The story of the Sloth World sloths has been one of the more emotionally complicated narratives in the Central Florida animal care community over the past several months, and the people who have been following it since the beginning know exactly how difficult the updates have sometimes been to read. Thirteen two-toed sloths arrived at the Central Florida Zoo and Botanical Gardens on April 24 after being rescued from Sloth World, the Ocala-area facility that had drawn significant attention and controversy in the weeks preceding their transfer. The animals arrived in serious condition. Many were showing signs of dehydration, low body weight, and gastrointestinal issues. The Central Florida Zoo’s animal care team, working alongside veterinary teams, nutrition staff, and sloth care specialists, took on the intensive work of giving each animal the best possible chance at recovery.
Not every sloth made it. Bandit, Habanero, Dumpling, and young Mr. Ginger did not survive despite the care team’s efforts, and each loss landed hard for the community of people who had been following the story and cheering the sloths on from the outside.

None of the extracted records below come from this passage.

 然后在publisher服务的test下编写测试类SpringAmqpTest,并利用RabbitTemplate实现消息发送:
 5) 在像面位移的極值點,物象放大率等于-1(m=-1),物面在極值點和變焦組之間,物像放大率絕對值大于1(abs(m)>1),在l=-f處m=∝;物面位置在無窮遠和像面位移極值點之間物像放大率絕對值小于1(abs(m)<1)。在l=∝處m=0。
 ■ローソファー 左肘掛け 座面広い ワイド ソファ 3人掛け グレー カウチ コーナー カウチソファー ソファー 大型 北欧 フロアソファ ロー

The updates during the darkest stretches of the recovery period were delivered with transparency and care by the Central Florida Zoo team, and the people following along responded with genuine emotional investment in every animal that was still fighting.

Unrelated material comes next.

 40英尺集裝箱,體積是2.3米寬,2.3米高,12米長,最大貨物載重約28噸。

The Good News for the Sloths
The good news that has emerged more recently has been worth holding onto. Dolce, Chewie, and Phantom were all considered clear of ICU-level care, meaning they had gone approximately a week without requiring consistent medical intervention, a milestone that represented meaningful progress even as the team continued to emphasize that recovery for these animals is a slow and delicate process. Phantom, whose name came from the distinctive markings on their belly and their tendency to hide in the hammock like the Phantom of the Opera, was the most recent addition to the post-ICU group, joining Dolce and Chewie after a solid weekend of progress. Phantom shares a habitat with Chewie and while initially shy around new people becomes enthusiastic and engaged when food is involved, with yellow squash, zucchini, sweet potatoes, cucumbers, and Mazuri sloth diet among the favorites.

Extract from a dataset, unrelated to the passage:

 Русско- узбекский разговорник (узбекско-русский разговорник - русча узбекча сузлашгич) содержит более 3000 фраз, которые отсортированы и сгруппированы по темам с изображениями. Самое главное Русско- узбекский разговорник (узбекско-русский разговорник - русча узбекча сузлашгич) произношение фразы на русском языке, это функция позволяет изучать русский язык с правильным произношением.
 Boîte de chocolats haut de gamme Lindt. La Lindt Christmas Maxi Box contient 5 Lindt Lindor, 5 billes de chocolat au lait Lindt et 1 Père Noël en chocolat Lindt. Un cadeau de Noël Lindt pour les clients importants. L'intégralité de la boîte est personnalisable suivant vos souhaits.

The sloths also recently passed the thirty-day biological quarantine milestone, which changed some of the procedural requirements for the care team. The booties and full personal protective equipment that had been required for everyone entering the sloth area have been partially dialed back now that the biological quarantine period has concluded, though the animals remain behind the scenes and continue to receive daily care from a small dedicated group of staff in constant contact with specialists from the Association of Zoos and Aquariums. The quarantine of the sloths from additional stressors continues even without the biological quarantine designation, because introducing new staff members or unnecessary environmental changes could set back the careful recovery progress the team has been building.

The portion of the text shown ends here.